After a moment’s surprise, he quickly set his pipe on the table and took the wooden bowl in both hands. “Thank you,” he said. “It looks delicious.”
A tired smile touched the corners of Odessa’s lips as she sat cross-legged in front of the fire.
“Are you cooking tomorrow then?” Poko asked, chewing on a small, steaming hunk of potato Odessa had given them.
Yakun’s spoon stopped short before his open mouth. “What?” He looked from Poko to Odessa, who kept her eyes on the bowl in her lap. “Was I supposed to cook tonight?”
“It’s fine,” Odessa said, shaking her head. “I don’t mind cooking.”
“No, it’s not fine,” Yakun said. “I will cook tomorrow. I won’t forget again no matter what complications arise. Even if the gods strike me down right now with lightning and flame, I will still make dinner tomorrow.”
Odessa’s thin smile grew a bit, showing a bit of teeth even. Yakun’s little blasphemies somehow made the gods of this world and the world above seem somehow distant and small. It was comforting in a strange, vague way. Each of his small blasphemies was proof refuting divine omnipotence. To her, it felt like proof that even Talara and the other High Gods could not reach her.
“I really am sorry,” Yakun said before blowing on the stew in his spoon. “You’re already exerting yourself too much and I force you to make dinner. It’s shameful.” He shook his head as if ashamed of himself before he slurped a spoonful of stew. “Oh, that’s good,” he said and then paused, his spoon held midway between mouth and bowl. He licked his lips and let out a breath like he was still smoking his pipe. “It’s got a bit of heat, doesn’t it?”

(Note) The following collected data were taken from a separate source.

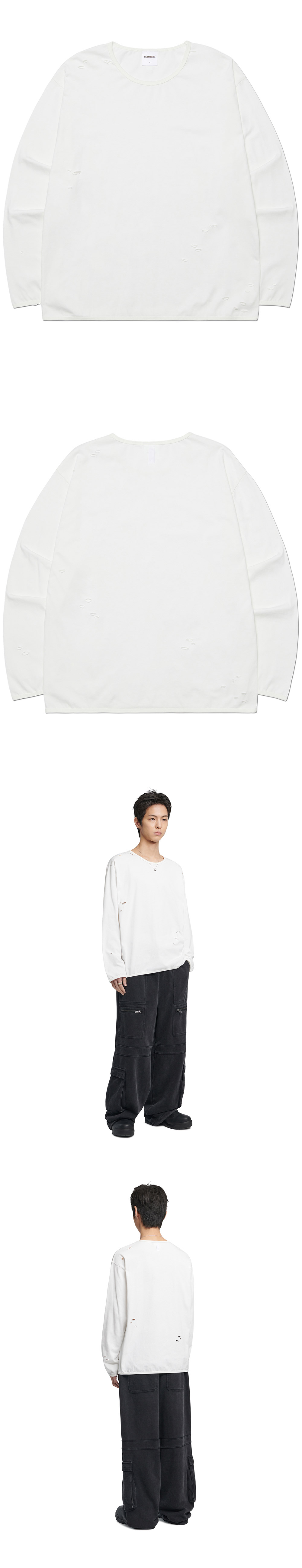 노매뉴얼 데미지드 롱 슬리브 티 화이트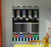 A digital pattern displays a series of geometric shapes with a variety of colors, resembling a TV test screen. Parallel lines and rectangles create a structured and vibrant composition.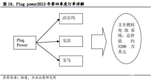 作為燃料電池叉車大廠商的Plug power公司在2013年第四季度接受了來自沃爾瑪、寶潔、寶馬等公司的訂單,訂單量較以往有較大增幅,截止目前,Plug power公司已累計提供4500多套叉車系統,且隨著2013年第四季度訂單的爆發,燃料電池在叉車領域的應用還將進一步擴展。

“It shouldn’t,” Odessa said. Yakun had little tolerance for spice so she had gotten accustomed to using chili peppers sparingly. “I only used a few peppers and they were still pretty green.” She ate a spoonful of the thick, creamy stew. She could taste only salted meat and tomato. “It’s not hot at all.”
“I will never understand how you people can handle that spiciness. I’ll bet you the gods gave humanity those peppers as a punishment. Why else would food hurt so much?” Yakun blustered but he continued to eat nonetheless, occasionally stopping to catch his breath and complain.
After two more of Yakun’s rants about chili peppers, Poko convinced Odessa to give them a sip from her spoon. Odessa had not eaten much of her small portion - nausea had begun to bubble up her esophagus and she had none of the willpower to refuse the fairy’s request.
Poko took the spoon’s neck in a hand to steady the trembling coming from her hand and drank like a man draining a ladle of cold water on a hot day. When they had their fill they released the spoon and tilted their head. Lips smacking, their brows furrowed.
“Old man’s right. It’s got a little heat.” Poko wiped their mouth with the back of their hand. “We’re going to have to get your taster cured too if you think that isn’t spicy.”
“Ah, vindicated at last,” Yakun said, his half-empty bowl sitting in his lap.
“It wasn’t nearly as bad as you made it out to be, though. The way you were talking I expected to be chewing on hot coals or something.”
Odessa took another taste and, now swirling stew in her mouth, detected a hint of heat in the now lukewarm stew but it was subtle. Nothing to complain about at all.
Another spoonful, despite her stomach’s queasy misgivings. She closed her eyes, blocking out Poko and Yakun bickering about the cuisine of fairies and humanity. Saltiness and tomatoes. The faint flavor of meat and potatoes. And a subtle warmth of chili pepper. She frowned. I’m losing my sense of taste.
The godsblood was eating away more of her each day. She would have to feed the hunger. Soon.